REQUIRED WORK: Write out again the lines from the line with "ТРАССА ПЕРЕЛТА САМОЛЕТА" up to and including the line with "Detroit je postao", exactly as they stand below, and skip any picture.

INPUT MATERIAL:

---

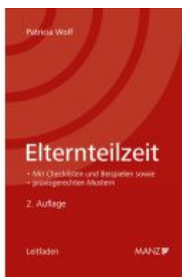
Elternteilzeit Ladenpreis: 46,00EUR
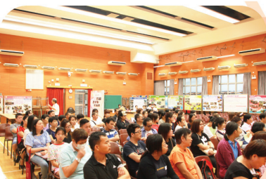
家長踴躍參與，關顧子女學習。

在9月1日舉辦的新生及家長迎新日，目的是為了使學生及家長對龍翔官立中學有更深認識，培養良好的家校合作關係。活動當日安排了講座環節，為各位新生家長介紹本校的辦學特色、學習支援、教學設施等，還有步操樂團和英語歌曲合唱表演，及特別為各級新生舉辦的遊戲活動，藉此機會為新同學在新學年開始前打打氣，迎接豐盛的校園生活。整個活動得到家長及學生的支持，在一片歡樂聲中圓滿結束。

---

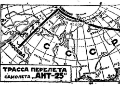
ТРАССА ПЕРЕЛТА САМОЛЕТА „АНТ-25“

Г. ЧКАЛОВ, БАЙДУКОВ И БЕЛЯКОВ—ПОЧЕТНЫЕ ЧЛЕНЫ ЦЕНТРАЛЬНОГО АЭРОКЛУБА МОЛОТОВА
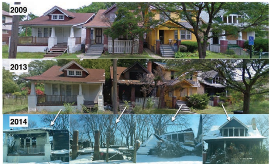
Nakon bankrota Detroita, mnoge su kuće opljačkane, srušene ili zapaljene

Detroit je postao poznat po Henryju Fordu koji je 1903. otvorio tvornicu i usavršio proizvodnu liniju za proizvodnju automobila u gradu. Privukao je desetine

---

SOLUTION FOR THIS TASK:
ТРАССА ПЕРЕЛТА САМОЛЕТА „АНТ-25“

Г. ЧКАЛОВ, БАЙДУКОВ И БЕЛЯКОВ—ПОЧЕТНЫЕ ЧЛЕНЫ ЦЕНТРАЛЬНОГО АЭРОКЛУБА МОЛОТОВА
Nakon bankrota Detroita, mnoge su kuće opljačkane, srušene ili zapaljene

Detroit je postao poznat po Henryju Fordu koji je 1903. otvorio tvornicu i usavršio proizvodnu liniju za proizvodnju automobila u gradu. Privukao je desetine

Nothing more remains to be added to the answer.